**Task directions:** Without the pictures, output the lines of the material from the very first through the one that holds "Esta taza de".

**Available data:**
- - -

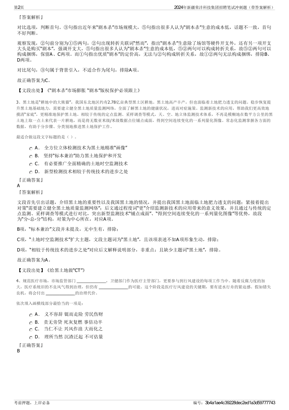 2024年新疆荣沣科技集团招聘笔试冲刺题(带答案解析)【下载须知】:1,本套练习包含以下题型:言语理解与表达题、常识判断题、数量关系题...
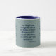 Esta taza de dos tonos muestra un tipo de letra de la letra del silbato con letras azul marino mostrando el verso de la biblia "Salmos 23:4 KJV" sobre un fondo verde plateado. Este verso hace referencia al capítulo 23 del Libro de los Salmos, que muestra el cuarto verso de esta escritura biblia, que cita el tema de la biblia del Rey James. La llanta y la manecilla están acristaladas con colores a juego disponibles en la construcción de cerámica de microondas y lavavajillas de 11 onzas o 15 onzas.
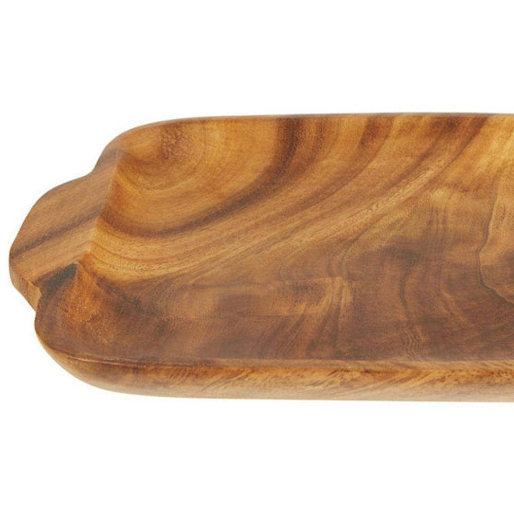 Serve delicious treats in style with Premier Housewares Kora Serving Tray With Handles. Made from eco-friendly acacia wood - it comes with elegantly curved sides. With unique natural variation and texture, this serving tray adds ample rustic warmth to the tabletop.

- - -

**Exercise answer:**
 2024年新疆荣沣科技集团招聘笔试冲刺题(带答案解析)【下载须知】:1,本套练习包含以下题型:言语理解与表达题、常识判断题、数量关系题...
 Esta taza de dos tonos muestra un tipo de letra de la letra del silbato con letras azul marino mostrando el verso de la biblia "Salmos 23:4 KJV" sobre un fondo verde plateado. Este verso hace referencia al capítulo 23 del Libro de los Salmos, que muestra el cuarto verso de esta escritura biblia, que cita el tema de la biblia del Rey James. La llanta y la manecilla están acristaladas con colores a juego disponibles en la construcción de cerámica de microondas y lavavajillas de 11 onzas o 15 onzas.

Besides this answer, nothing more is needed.